*** Opening of Given data ***
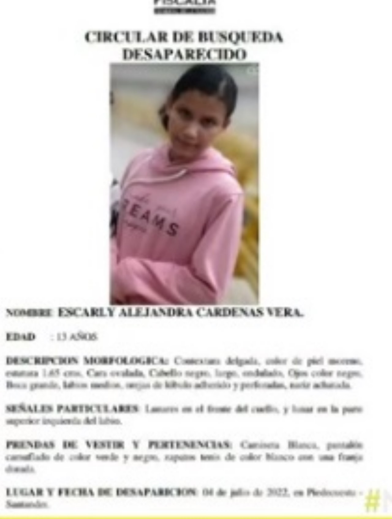 Escarly Alejandra Cárdenas desapareció el pasado lunes festivo, 4 de julio, tras encontrarse con un joven tres años mayor que ella, que había conocido en redes sociales.
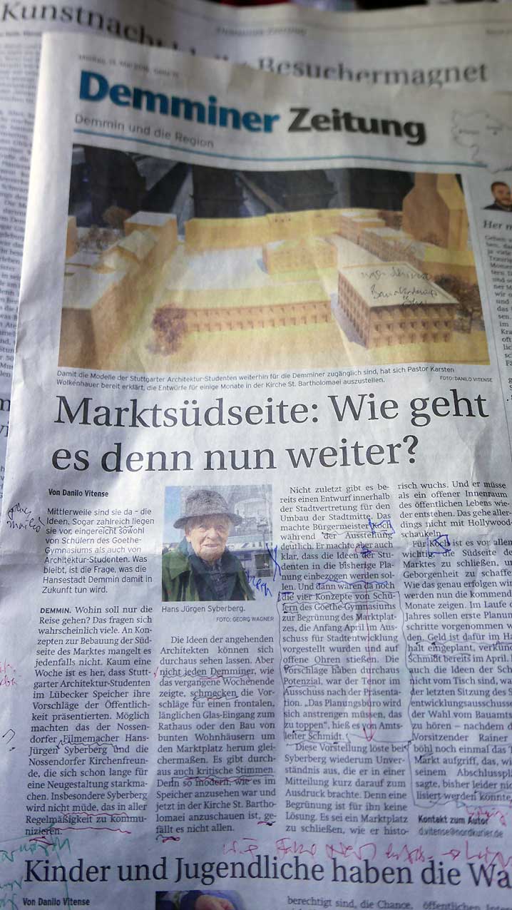 Ein Leserbrief war gschickt worden. Aus Freundlichkeit an die lokale Demminer Redaktion. Mit 2 Fragen. An den, der von der letzten Sitzung des Ausschusses für Stadtentwicklung Umwelt und Umwelt festgeschrieben hatte. Aber nichts vom Auftritt des Vorsitzenden T. in Sachen Markt der Stadt. Als ob das nicht erwähnens wert sei.
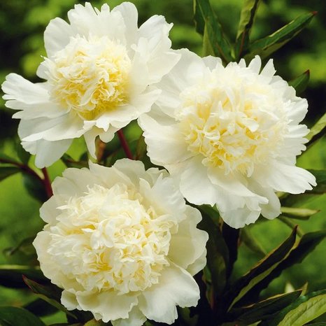 (Charle'S White) молочноцветковый Высота растения 70-90см. Цветки махровые, полушаровидной формы, диаметром до 20см. Внешние широкие лепестки, белой окраски, окружают нежно кремово-белый центр из более узких лепестков.
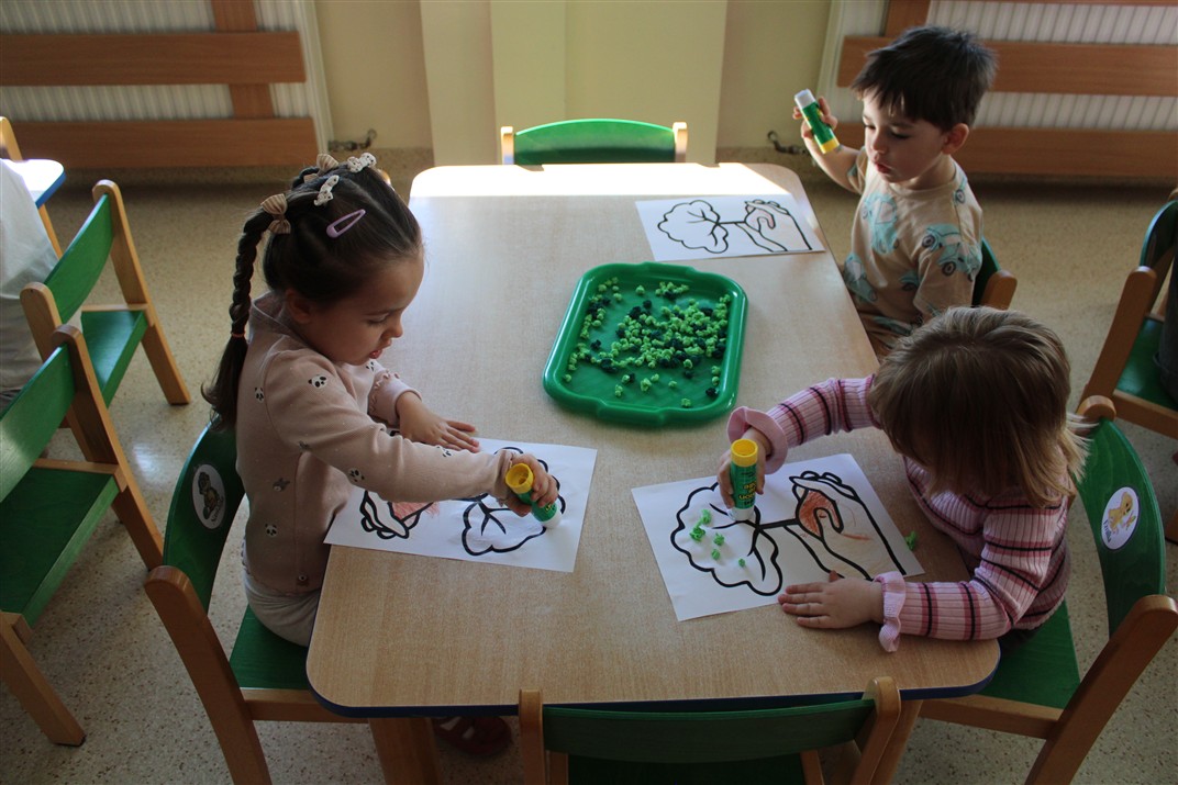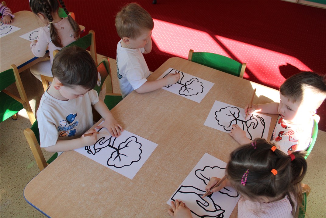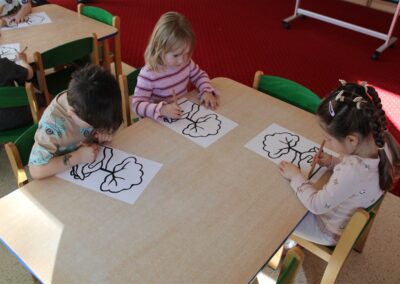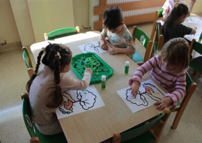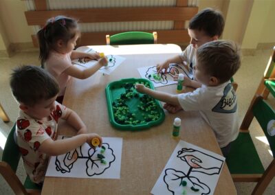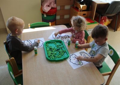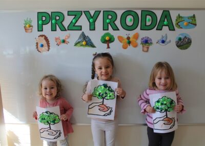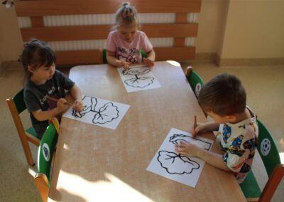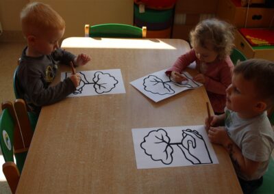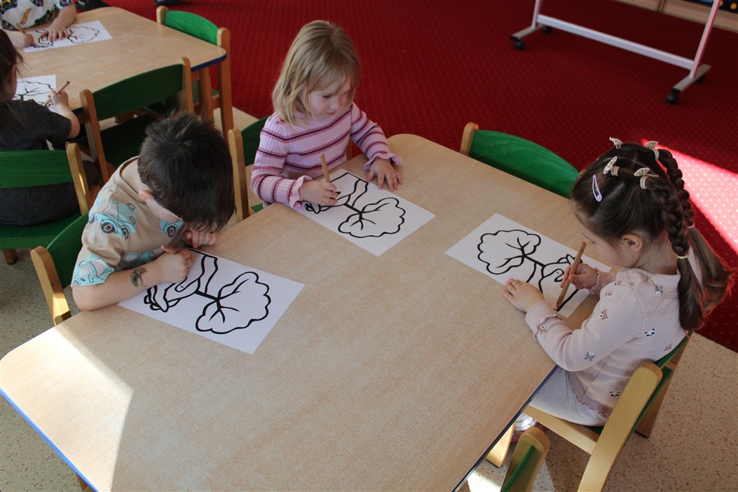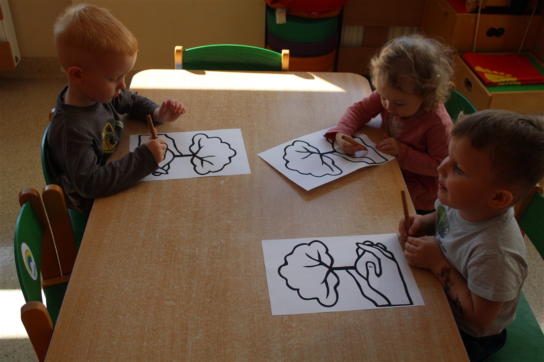 - kolorowały obrazek drzewa i przyklejały zieloną bibułę na liście
*** Close of Given data ***
* **Task instructions**:
Give exactly those lines of the listing that run from its first line through the line with "Ein Leserbrief war", leaving each picture out.

* **Output below**:
 Escarly Alejandra Cárdenas desapareció el pasado lunes festivo, 4 de julio, tras encontrarse con un joven tres años mayor que ella, que había conocido en redes sociales.
 Ein Leserbrief war gschickt worden. Aus Freundlichkeit an die lokale Demminer Redaktion. Mit 2 Fragen. An den, der von der letzten Sitzung des Ausschusses für Stadtentwicklung Umwelt und Umwelt festgeschrieben hatte. Aber nichts vom Auftritt des Vorsitzenden T. in Sachen Markt der Stadt. Als ob das nicht erwähnens wert sei.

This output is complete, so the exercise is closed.